Any pics? Where do you get them?


----------



## smokinHOs (May 30, 2006)

*962s*

Go to scaleauto.com under latest news..

Lots of cool stuff there..

-Marc and marcis


----------



## cwbam (Feb 8, 2010)

*Racemasters has released four new Mega-G cars*

"Racemasters has released four new Mega-G cars including the re-introduction of their Porsche 962 and Mercedes C9 LeMans bodies"

the 962 bodies were very nice 

IROC time

http://www.scaleauto.com/latenews/index.htm

really crappy cell phone photo


----------



## martybauer31 (Jan 27, 2004)

Yeah, sorry boys, WAAAAY to critical... open up your wallets if you want the rights. These cars are gorgeous and sit low, they handle great.

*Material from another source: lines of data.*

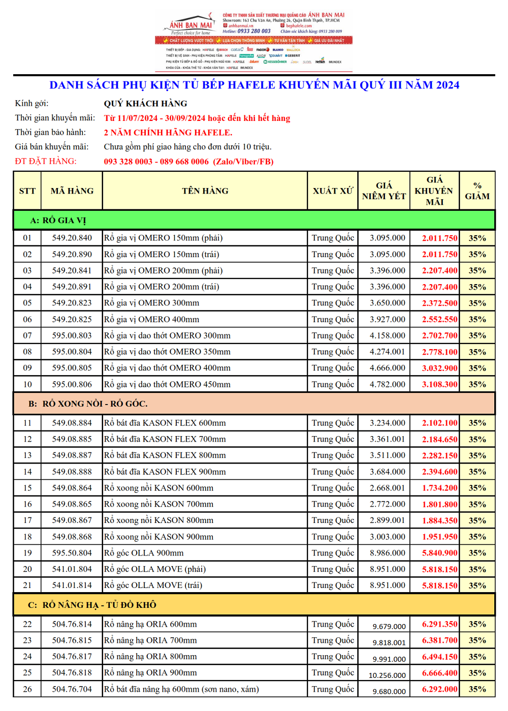 4. PHỤ KIỆN TỦ BẾP GIẢM 35 - 38%:
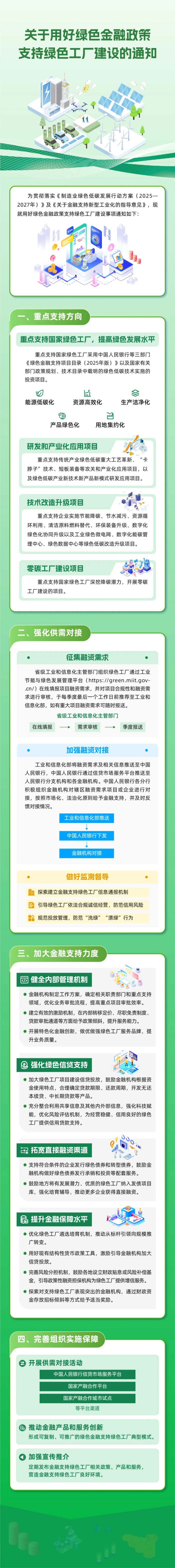为深入贯彻党中央关于加强金融服务实体经济有关决策部署,落实国务院办公厅《制造业绿色低碳发展行动方案(2025—2027年)》以及中国人民银行等七部门《关于金融支持新型工业化的指导意见》,进一步建立完善绿色金融支持绿色工厂工作机制,现就用好相关政策支持绿色工厂建设事项通知如下:
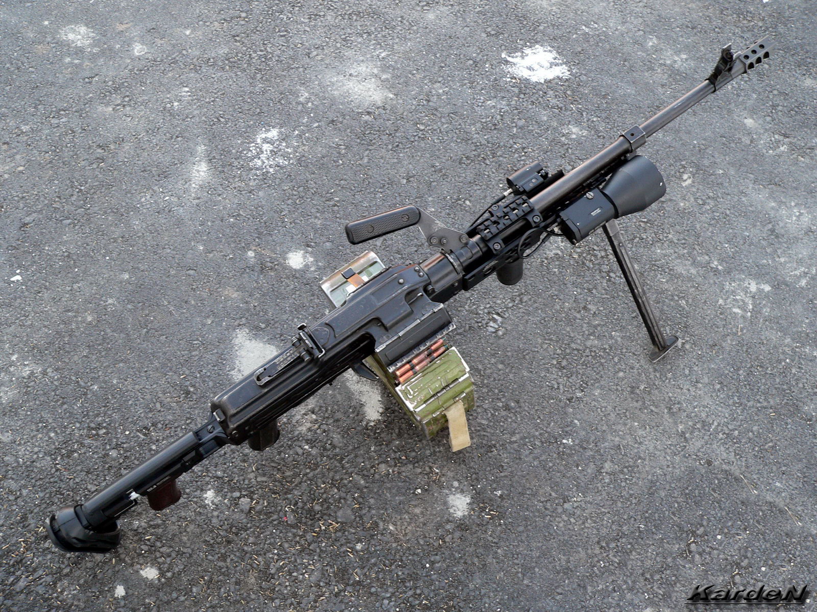 在8年后,卡拉什尼科夫在1969年推出一种PK的改进型,称为PKM。PKM很容易就识别出来,它的枪管较轻,没有凹槽,枪托底板上有翻转式的支肩板。PK/PKM系列有四种型号:
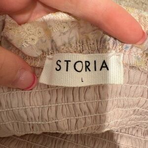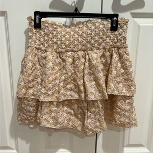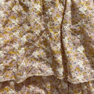 Adorable love shack fancy boutique dupe skirt. Has slight printed fabric with eyelet details. Has lining underneath and stretchy waistband. Size large.
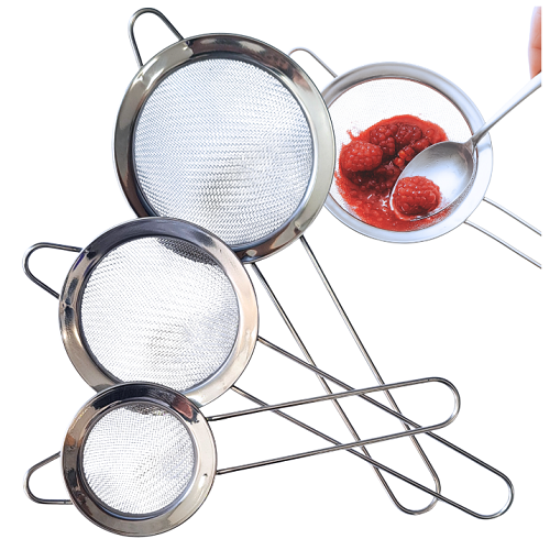 Trojsada rôznych veľkostí – umožňuje pohodlný výber vhodnej veľkosti podľa potreby, ako sú múka, cukor, bylinky či čaj. Jemná sieťka – účinne zachytáva aj jemné častice a zabezpečuje hladké preosievanie. Praktický otvor alebo háčik na rukoväti uľahčuje uloženie a šetrí miesto v kuchyni.
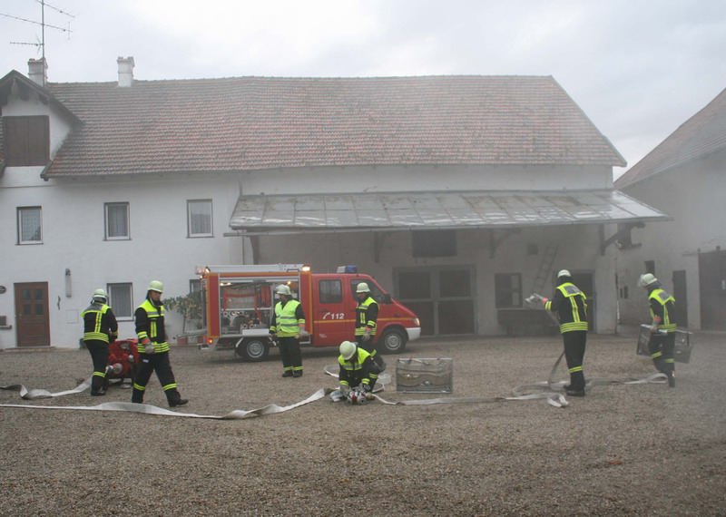 Ebenfalls in einem landwirtschaftlichen Anwesen in Buxberg diente als Übungsobjekt; hier kamen neben den örtlich zuständigen Feuerwehren auch Wehren landkreisübergreifend, aus dem Raum Aichach zum Einsatz.
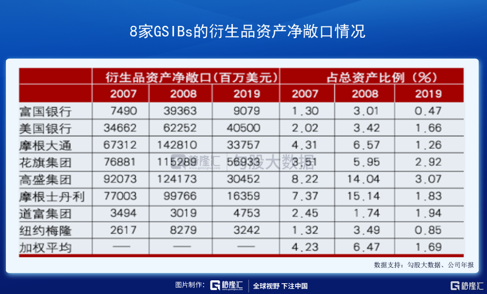 吃一堑长一智,美国银行业衍生品现在的风险敞口较2008年也明显缩小。2019年末,美国8家系统重要性银行的衍生品敞口在总资产中的占比不到1.7%;而2007年的占比为4.23%,2008年的占比为6.47%。
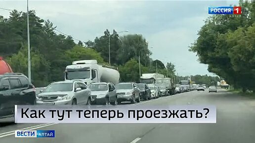 Большая автомобильная пробка собралась сегодня на месте частично открытой в Барнауле новой дорожной развязки
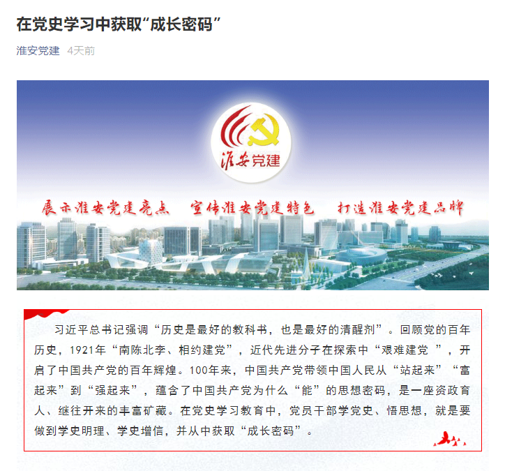 习近平总书记强调“历史是最好的教科书,也是最好的清醒剂”。回顾党的百年历史,1921年“南陈北李、相约建党”,近代先进分子在探索中“艰难建党 ”,开启了中国共产党的百年辉煌。100年来,中国共产党带领中国人民从“站起来”“富起来”到“强起来”,蕴含了中国共产党为什么“能”的思想密码,是一座资政育人、继往开来的丰富矿藏。在党史学习教育中,党员干部学党史、悟思想,就是要做到学史明理、学史增信,并从中获取“成长密码”。
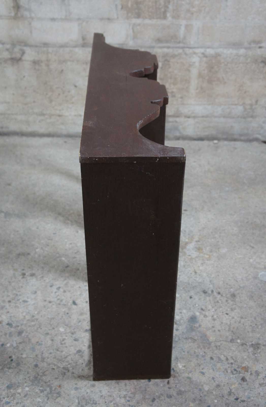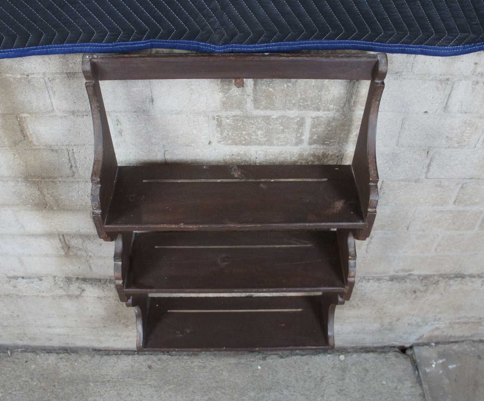20th century pine hanging shelf. Features 3 shelves with a serpentine design along the sides. Includes grooves along the back for plate storage. Finished in brown paint.
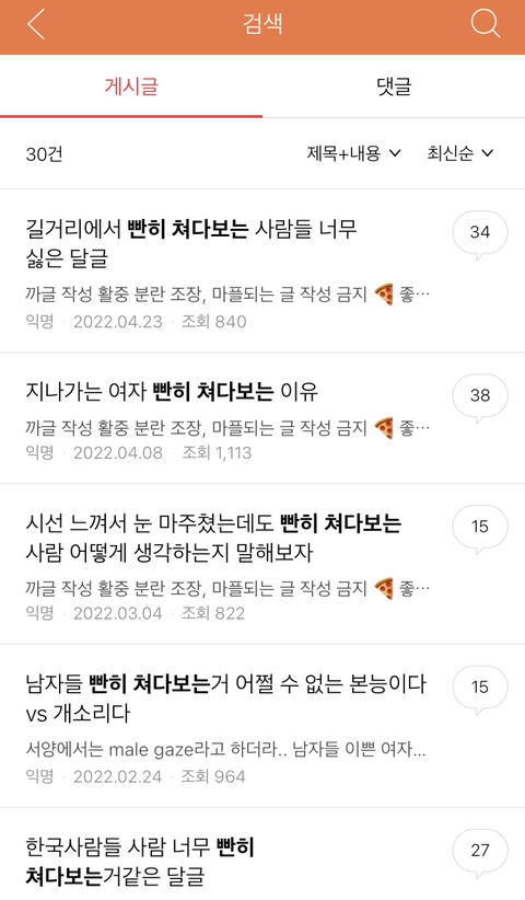 작성자설탕안먹어 작성시간 22.09.27 존나 싫어ㅡㅡ 가끔 길에서 삼초이상 눈 마주치는 새끼 있음 눈 똑바로 뜨고 뭘봐 씨발놈아 하는데 여자들은 같이 욕하고 남자애들은 왜 그렇게까지 하면서 나 말림ㅋ

Scale Auto is a one man shop, Gary doesn't have the budget of a major corporation and he isn't getting rich off of any of this, support the little guys, you can't compare what he is doing to the junk that is rolling out at the moment...


----------



## NTxSlotCars (May 27, 2008)

A blank, correct paint scheme seems like the best way to get around the trademark police.
I'm sure you can get the decals separately...

I would prefer that over some generic mock up.


----------



## martybauer31 (Jan 27, 2004)

NTxSlotCars said:


> A blank, correct paint scheme seems like the best way to get around the trademark police.
> I'm sure you can get the decals separately...
> 
> I would prefer that over some generic mock up.


Break out the paint can and see what you come up with, Pattos makes amazing decals... Or stick with the large quantity of Scooby-Doo cars and Hummers circulating around.


----------



## smokinHOs (May 30, 2006)

*That went well..*

It's sucks that the corporation can't see the support that the small guys can supply. I commend Gary and Scaleauto for their work... but I guess the days of correct sponsorships left with Tomy and Tyco..

All in all they do look nice.. I guess I am being too critical. I wonder what the rights cost to obtain. You would think that Coke would want it's logo all over a product like this..

-Marc and Marcus


----------



## martybauer31 (Jan 27, 2004)

It about $10000 MINIMUM to start, and that is for each usage...


----------



## ggnagy (Aug 16, 2010)

1. On top of the cost, does Coke want to give any new licenses to replicate a car that killed it's owner? 

2. I am missing something. What is the relationship between Scaleauto and Racemasters. 

3. the Cobra's and GT40s did not have any livery licensing issues that we know of, mostly because they were not painted to match a trademarked livery.


----------



## Hornet (Dec 1, 2005)

Scale Auto sorta bailed out RaceMasters a few years ago.
Steve and Gary are good buddies,they may not have the tie-in they once had,but there was a connection between the 2 outfits a few years ago


----------